For Bluetooth they disabled access to third party apps until it's audited and hardened enough. It's targeting mainstream public, security should be taken seriously.

For gtalk...I believe operators became nervous about free instant messaging, though this limitation could be very easily worked around with any kind of browser, but then it makes it not-installed-by-default (check IE share in the browser market:)) and much harder to integrate with phone functions like ringing, easy typing, popping up when active etc.

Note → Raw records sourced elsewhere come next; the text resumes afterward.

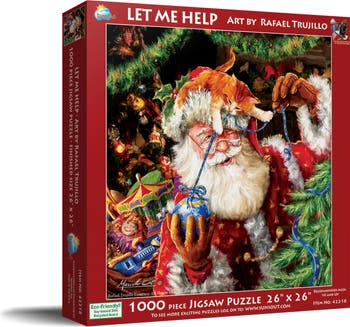 "Let Me Help!" 1000 piece jigsaw puzzle transports adults into an enchanting Christmas scene designed by renowned artist Rafael Trujillo. The beautifully detailed, fully licensed artwork is composed into a vivid and charming Christmas scene which evolves as every puzzle piece is placed. With a complete size of 26" x 26", the puzzle proves to be engaging and doubles as a striking piece of art. Proudly made in the USA by SunsOut Puzzles, these finely crafted puzzles are composed of high-quality recycled cardboard ensuring both durability and ease of handling. The testament to SunsOut’s eco-friendly practices lies in their utilization of soy-based inks and top-quality recycled-board materials; their commitment to sustainability evident in every facet of the puzzle. Customer satisfaction is guaranteed by SunsOut, as they stand behind their products and offer responsive customer service for any missing or damaged pieces. The joy of triumphing over the challenge brought by the puzzle can be shared with friends and family, as its creation provides a chance to form memories and enjoy quality time together. Perfect for a gift or a cozy winter night's activity, the Let Me Help! Puzzle, from SunsOut, is the optimum choice for its quality, beauty, and commitment to sustainability.
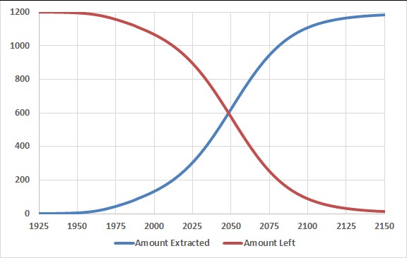 It appears that the recent rapid rise in extraction rate is unsustainable for more that a few decades or so from now.
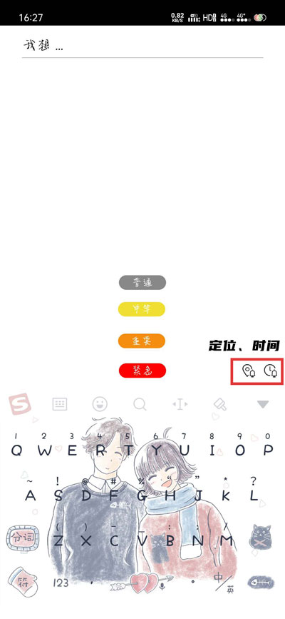 2、然后输入事件的内容(内容的长度不限),在输入法的上方可以选择时间的紧急程度:普通(默认)、中等、重要、紧急;
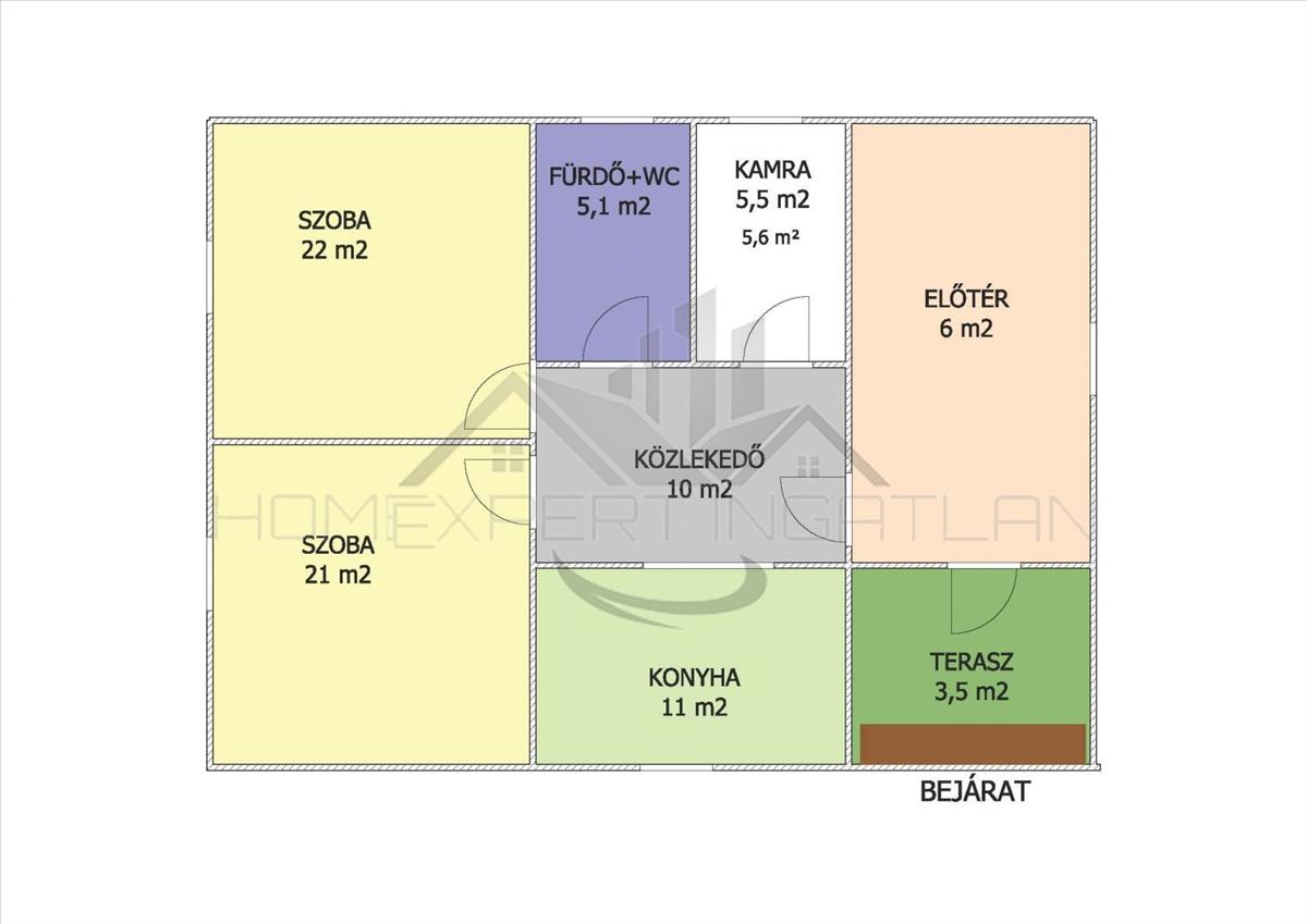 Szélfogó (3, 5 m2), előtér (6 m2), közlekedő (10 m2), 2 szoba (21 m2, 22 m2), konyha (11 m2), fürdő +wc (5, 1 m2), kamra (5, 4 m2). Lásd alaprajz.
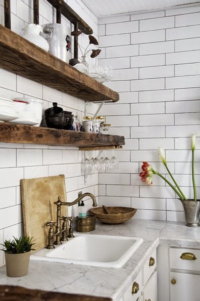 En lugar de las tradicionales alacenas o gabinetes superiores, aquí se han montado unas estanterías abiertas, que aportan espacio de almacenaje, más una estética actual y fresca a la decoración.
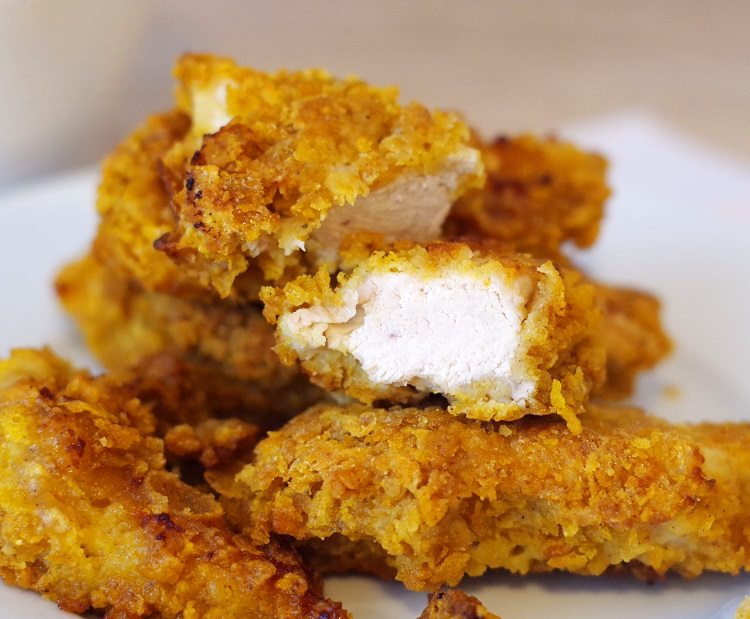4. Обмакните каждую полоску куриного филе в тесто, затем тщательно обваляйте в подрыхленных кукурузных хлопьях.
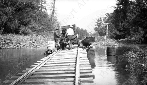 Scope & Content: Item consists of two men standing on railway tracks with a repair cart. An oil drum can be seen in the water and motorboat can be seen nearby.
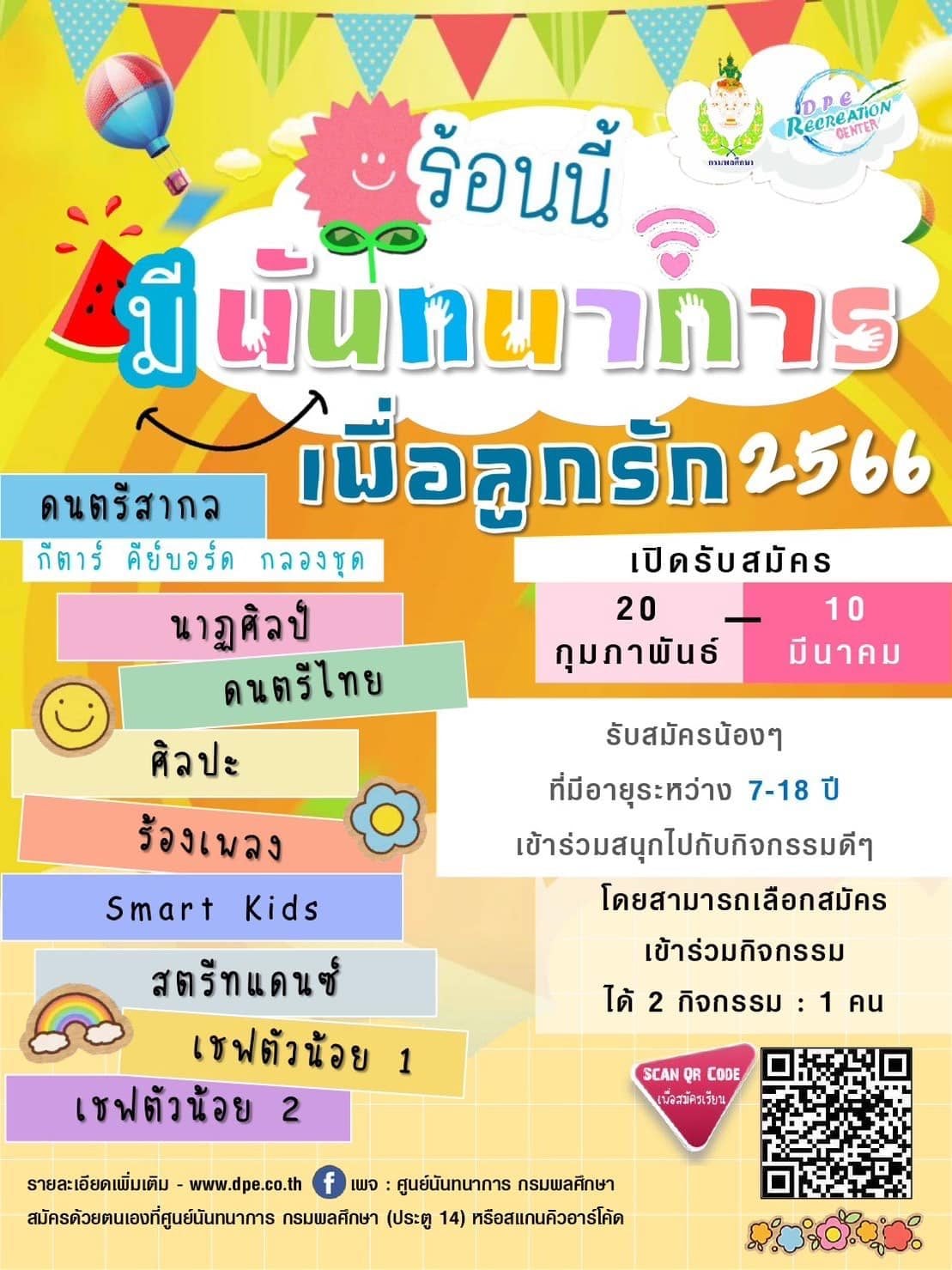 นอกจากนี้ สำนักนันทนาการ กรมพลศึกษา ยังเปิดรับสมัครเด็กและเยาวชน อายุตั้งแต่ 7-18 ปี เข้าร่วมกิจกรรมร้อนนี้มีนันทนาการเพื่อลูกรัก ประจำปี 2566 โดยจะเปิดรับสมัครที่ศูนย์นันทนาการ กรมพลศึกษา (ประตู 14 สนามศุภชลาศัย) หรือลงทะเบียนผ่านระบบออนไลน์ ตั้งแต่วันที่ 20 กุมภาพันธ์-10 มีนาคม 2566 ทางระบบของศูนย์นันทนาการกรมพลศึกษาเท่านั้น

I hope both becomes in some form available in next version however (OTOH, it could become "forgotten").

RE: reasonable
by Kroc on Tue 26th Aug 2008 18:43 in reply to "reasonable"
Kroc Member since:
2005-11-10

Check IE share in the mobile browser market.

Reply Parent Bookmark Score: 1

RE[2]: reasonable
by siki_miki on Tue 26th Aug 2008 18:52 in reply to "RE: reasonable"
siki_miki Member since:
2006-01-17

I don't care about IE market share, It was just an analogy. Lots of people use IE just because it's installed by default. Similar effect had the MS push of MSN messenger, which in XP was annoyance and hard to even switch off without hacks.

No doubt, lots of people would do IM if gtalk app icon was an icon sitting on their mobile phone screen. No doubt telcos are afraid of that happening.